Ожидание было напрасным. Уста не размыкались. Слово — желанное, жданное — не звучало. Взгляд, казалось, обещал нечто. Но и обещание это не исполнялось.

Не снизойдёт ли Яхве — бог жидов, его былых единоверцев? Ведь он должен исполниться милости к бывшему сыну богоизбранного народа. Ясно, он отринул перекрещенца. От него, естественно, нечего было ждать и не на что надеяться.

Ну кто-де, кто же подаст наконец знак, что молитва услышана и что помощь будет подана?

Да никто не подаст помощи. Ибо уши божеств отклонены от людей и скотов. Они там, наверху, заняты, как видно, своими делами, непостижимыми для человечества с его несметными пороками. В который раз Павел убеждался в этом, жизнь его продлилась далеко за середину, и вот оно уже рядом — дряхлое старчество.

Снова и снова размышлял он над бытием богов. И всё глубже и глубже проникала в него мысль об их земном происхождении. Оказывается, жрецам было проще всего объяснить непознанное вмешательством Вседержителя, Всемогущего и Всесущего. Он снова вспомнил изречение одного из столпов христианства, именем Тертуллиан: «Верую, хоть и абсурдно!»

Абсурдно думать, будто иконописный Бог вдруг сойдёт со своего изображения и станет творить чудеса. Абсурдно ждать от него слова, а тем более пророчества. Бог, разумеется, нужен. Он нужен прежде всего его слушателям. Он нужен отчаявшимся людям, у которых не осталось другого прибежища. Он нужен светской власти, дабы держать в узде подданных своих. Он нужен для того, чтобы держать людей в страхе. В страхе Божием!

Павел устал от этих размышлений. Они то и дело затопляли.

Помощь могла прийти только с земли.

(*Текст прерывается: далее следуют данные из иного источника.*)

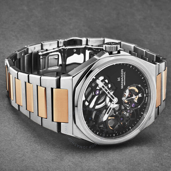 علبة فضية اللون من الفولاذ المقاوم للصدأ مع سوار ثنائي اللون من الفولاذ المقاوم للصدأ. إطار ثابت فضي اللون من الفولاذ المقاوم للصدأ. ميناء أسود بعقارب وعلامات ساعات فضية اللون. علامات دقائق حول الحافة الخارجية. نوع الميناء: تناظري. عقارب وعلامات مضيئة. آلية تعبئة يدوية. زجاج ياقوت مقاوم للخدش. تاج قابل للسحب/الدفع. غطاء خلفي شفاف. شكل دائري، مقاس العلبة: 44 مم، سمكها: 11 مم. عرض السوار: 26 مم، طوله: 8 بوصات. مشبك قابل للطي بزر ضغط. مقاومة للماء حتى عمق 50 مترًا / 165 قدمًا. الوظائف: الساعات، الدقائق، الثواني. معلومات إضافية: الساعات، الدقائق، والثواني الصغيرة. سلسلة ريفولوشن. تصميم ساعة فاخرة. علامة الساعة: صناعة سويسرية. ساعة مانجر ريفولوشن للرجال بمينا أسود ووظيفة التعبئة اليدوية MAN-RM-06-BM.

Её могли принести только человеческие руки. Шеин и Гордон. Павел повторял слова своего духовного отца: да приидет одоление над супостатом!

— Да приидет одоление над супостатом! Да приидет... — Он повторял и повторял эти слова, втайне надеясь, что у них есть достойные исполнители.

Они были. Медленно двигалось воинство к Воскресенскому монастырю, где, по одним сведениям, стояли, а по другим — окопались мятежные стрельцы, четыре полка, из коих уж бежали самые благоразумные либо самые трусливые.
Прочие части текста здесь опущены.